Balance the following in basic solution.

NO2− + H2 → N2O

Find Oxidation reaction, Reduction reaction, and Net reaction

To balance the given chemical equation in basic solution, we will follow these steps:

Step 1: Write the unbalanced equation:
NO2− + H2 → N2O

Step 2: Separate the reaction into half-reactions, one for the oxidation and one for the reduction.

Oxidation half-reaction: NO2− → N2O (Assume oxygen is balancing with water)

Reduction half-reaction: H2 → N2O (Assume hydrogen is balancing with water)

Step 3: Balance the atoms other than hydrogen and oxygen in each half-reaction.

Oxidation half-reaction: 2NO2− → 2N2O

Reduction half-reaction: 2H2 → 4H2O

Step 4: Balance the oxygen atoms by adding water to the side that needs more oxygen.

Oxidation half-reaction: 2NO2− → 2N2O + 2OH−

Reduction half-reaction: 2H2 + 2OH− → 4H2O

Step 5: Balance the hydrogen atoms by adding hydrogen ions (H+) to the side that needs more hydrogen.

Oxidation half-reaction: 2NO2− + 4H+ → 2N2O + 2OH−

Reduction half-reaction: 2H2 + 2OH− → 4H2O

Step 6: Balance the charges by adding electrons (e-) to the side that has a higher positive charge.

Oxidation half-reaction: 2NO2− + 4H+ + 6e- → 2N2O + 2OH−

Reduction half-reaction: 2H2 + 2OH− → 4H2O + 4e-

Step 7: Multiply the half-reactions by appropriate coefficients to make the number of electrons in both reactions equal.

Oxidation half-reaction: 2NO2− + 4H+ + 6e- → 2N2O + 2OH−

Reduction half-reaction: 2H2 + 2OH− + 4e- → 4H2O + 4e-

Step 8: Add the two half-reactions together and cancel out any common species.

Oxidation half-reaction: 2NO2− + 4H+ + 6e- → 2N2O + 2OH−

Reduction half-reaction: 2H2 + 2OH− + 4e- → 4H2O + 4e-

Net reaction: 2NO2− + 2H2 → 2N2O + 4H2O

To balance the given equation in basic solution, we need to make sure that the number of atoms on both sides of the equation is equal and that the charges are balanced.
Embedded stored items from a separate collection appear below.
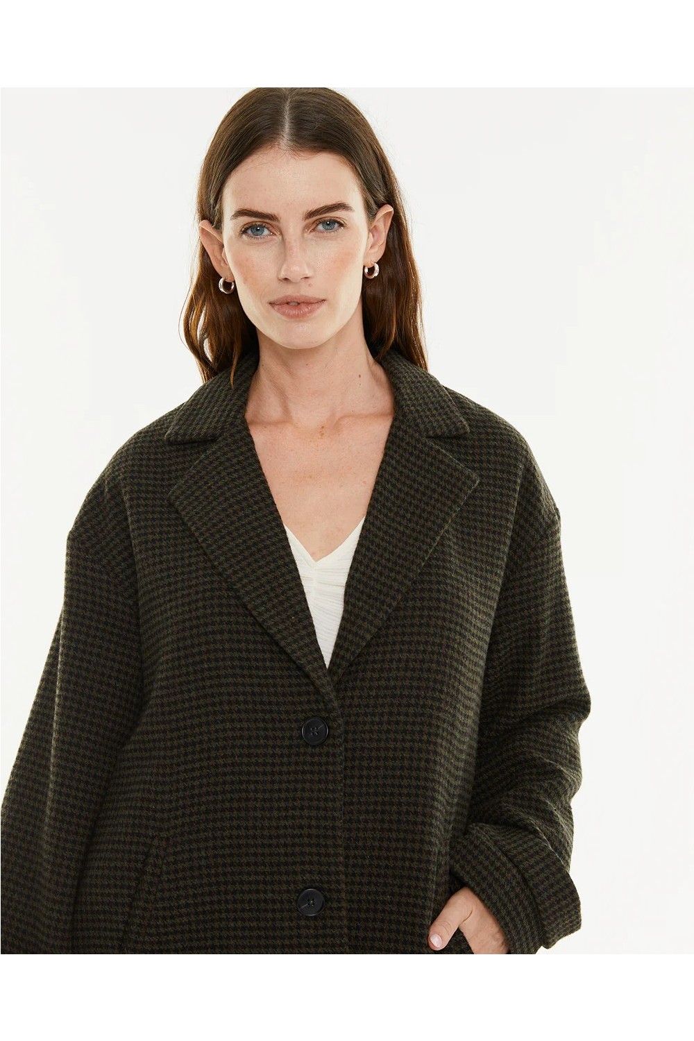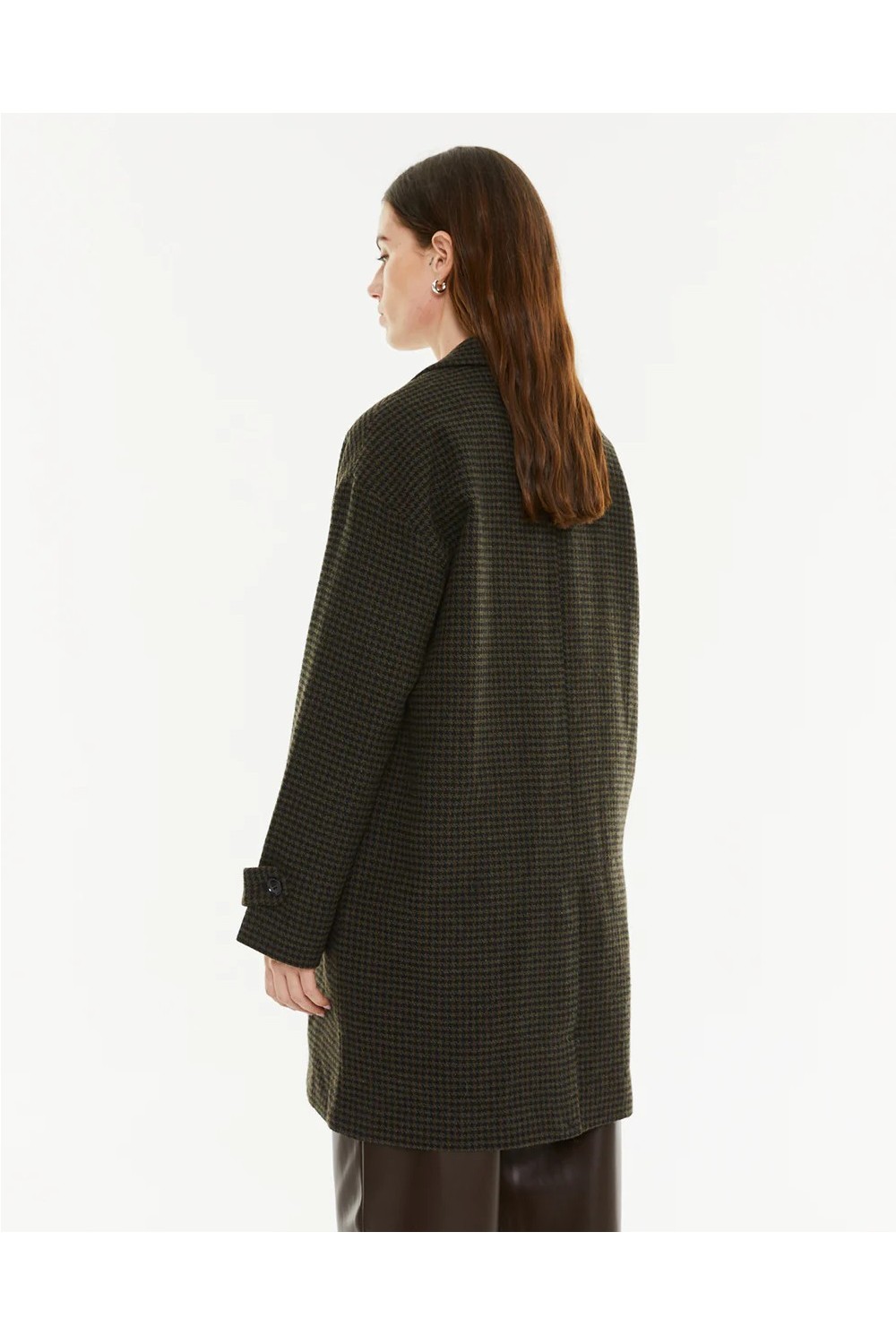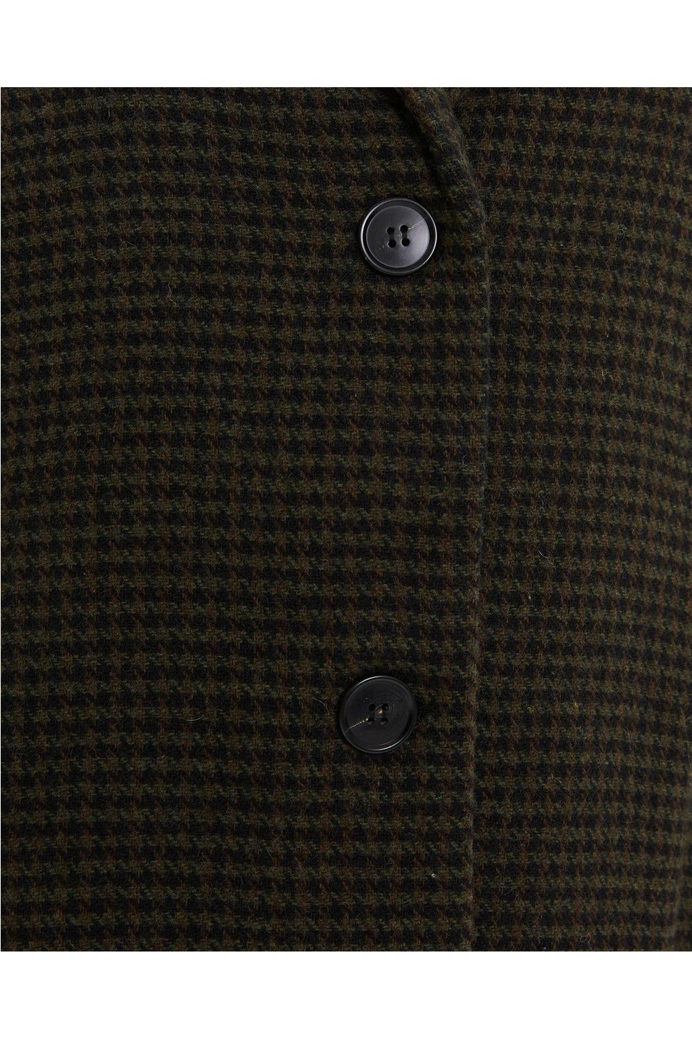 Abrigo de mujer, de talle medio, con tejido de cuadro vichy en gris y negro, escote con solapa, bolsillo tipo vivo y cierre con botón.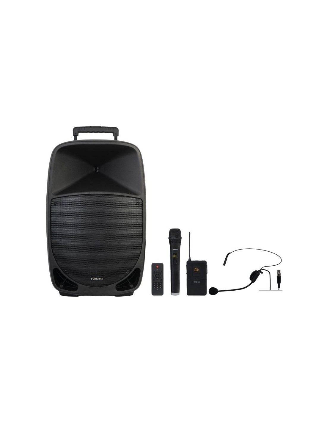 Altavoz portátil con reproductor Bluetooth/USB/microSD/FM/LINE y 2 micrófonos inalámbricos UHF (1 de mano y 1 de cabeza).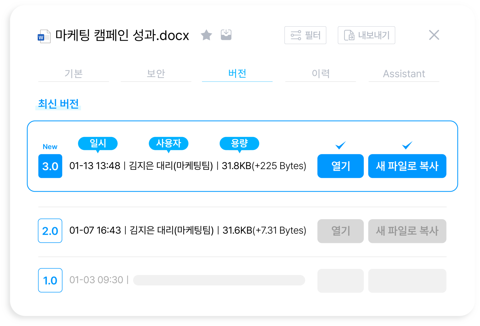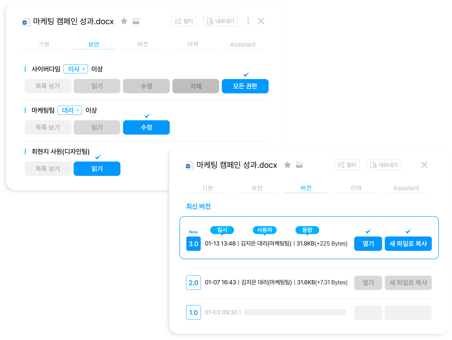 자동 버전 관리 l 문서 버전을 자동으로 관리해 언제든 이전 버전으로 손쉽게 복원 가능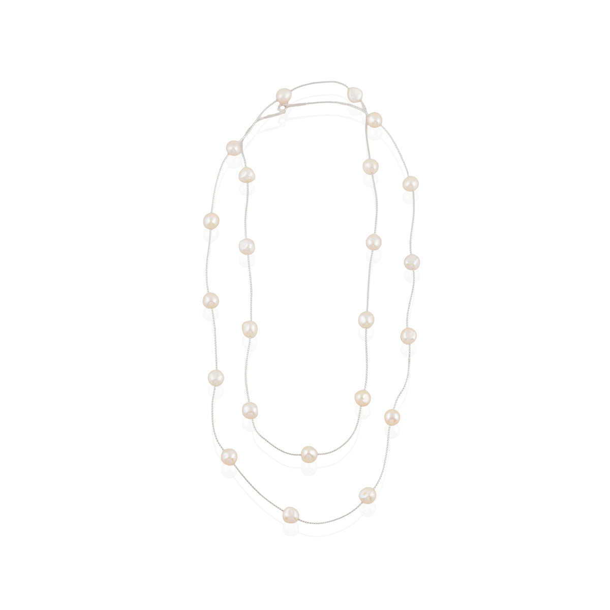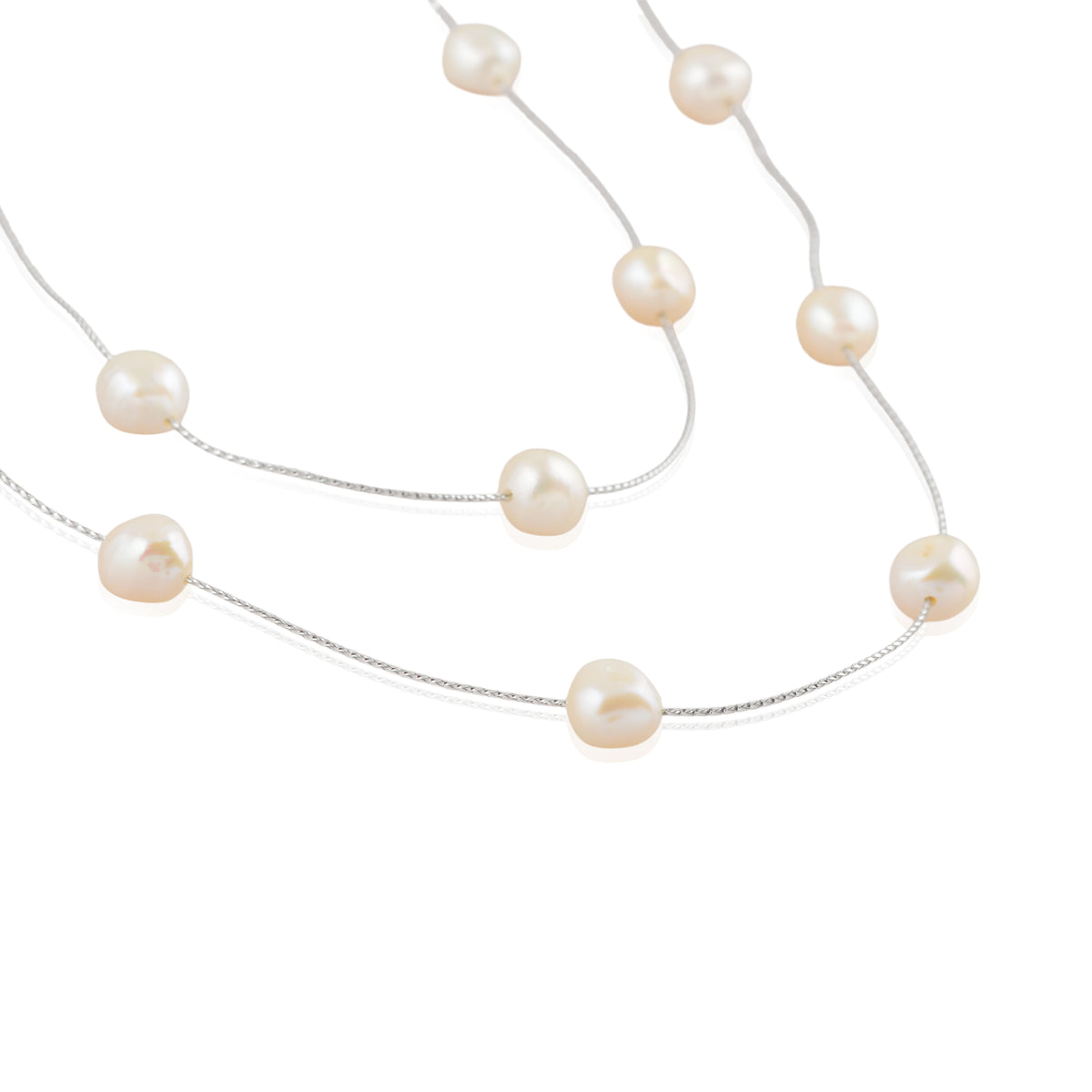 Irregular grey baroque freshwater pearls are spaced along a fine silver chain, creating a fluid station-style necklace with natural character and depth. Each pearl brings its own organic shape, making every piece subtly unique. Elegant yet understated, this necklace works beautifully for workwear, evening looks, and contemporary styling. Ideal for those who appreciate pearls in a modern, relaxed form rather than a traditional strand.
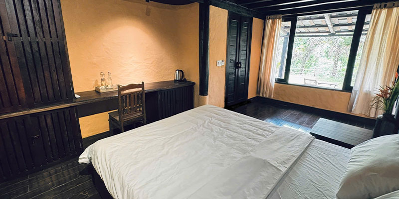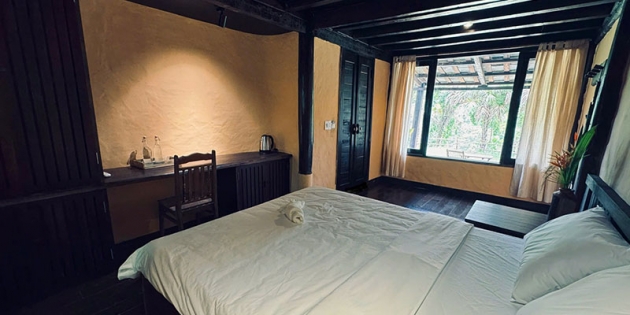Không gian phòng được xây dựng chủ yếu bằng gỗ tự nhiên – vừa mang lại cảm giác ấm cúng, vừa giữ trọn hơi thở mộc mạc đặc trưng của vùng sơn cước. Thiết kế mở, kết hợp cùng ánh sáng tự nhiên len lỏi qua những khung cửa lớn, giúp phòng luôn tràn ngập sinh khí và năng lượng tươi mới.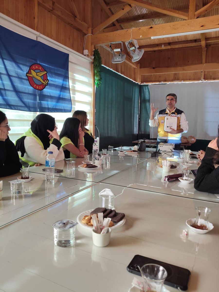 Bu kapsamda Türk Hava Kurumu (THK) Burdur Şubesi Genç Kanatlar Topluluğu üyelerine yönelik düzenlenen “Afetlerde İlkyardım Eğitimi” başarıyla tamamlandı. Eğitim, ATT Bahriye Nur Gülpınar ve Sağlık Memuru Hamza Avcı tarafından verildi.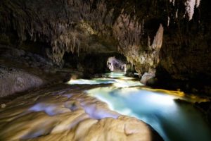 サンゴ礁が隆起してできたこの島には数多くの鍾乳洞が存在し、それらを探検するアクティビティ「ケイビング」が盛んです。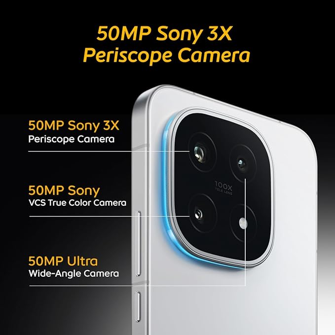 - CAMERA: Triple camera setup – 50MP Sony 3X Periscope Camera, 50MP Sony VCS True Color Camera, 50MP Ultra Wide-Angle Camera with an Upgraded 32MP Selfie Camera and 4k Video Recording. Humanistic Street Photography Camera along with AI visual effects and AI reflection erase.

Here's how you can balance it step by step:

1. Start by balancing the atoms other than hydrogen and oxygen. In this case, we have nitrogen (N) on both sides, so that's already balanced.

NO2− + H2 → N2O

2. Balance oxygen atoms by adding water (H2O) molecules to the side that needs more oxygen atoms. Since the nitrogen dioxide ion (NO2-) has one oxygen atom, we need to add a water molecule (H2O) to balance the oxygen atoms on the left-hand side.

NO2− + H2O + H2 → N2O

3. Now, let's balance the hydrogen atoms. On the left-hand side, there are two hydrogen atoms in the H2 molecule, while on the right-hand side, there are four hydrogen atoms in the water (H2O) and hydrogen (H2) molecules. To balance the hydrogens, we need to add two hydroxide ions (OH-) to the left-hand side.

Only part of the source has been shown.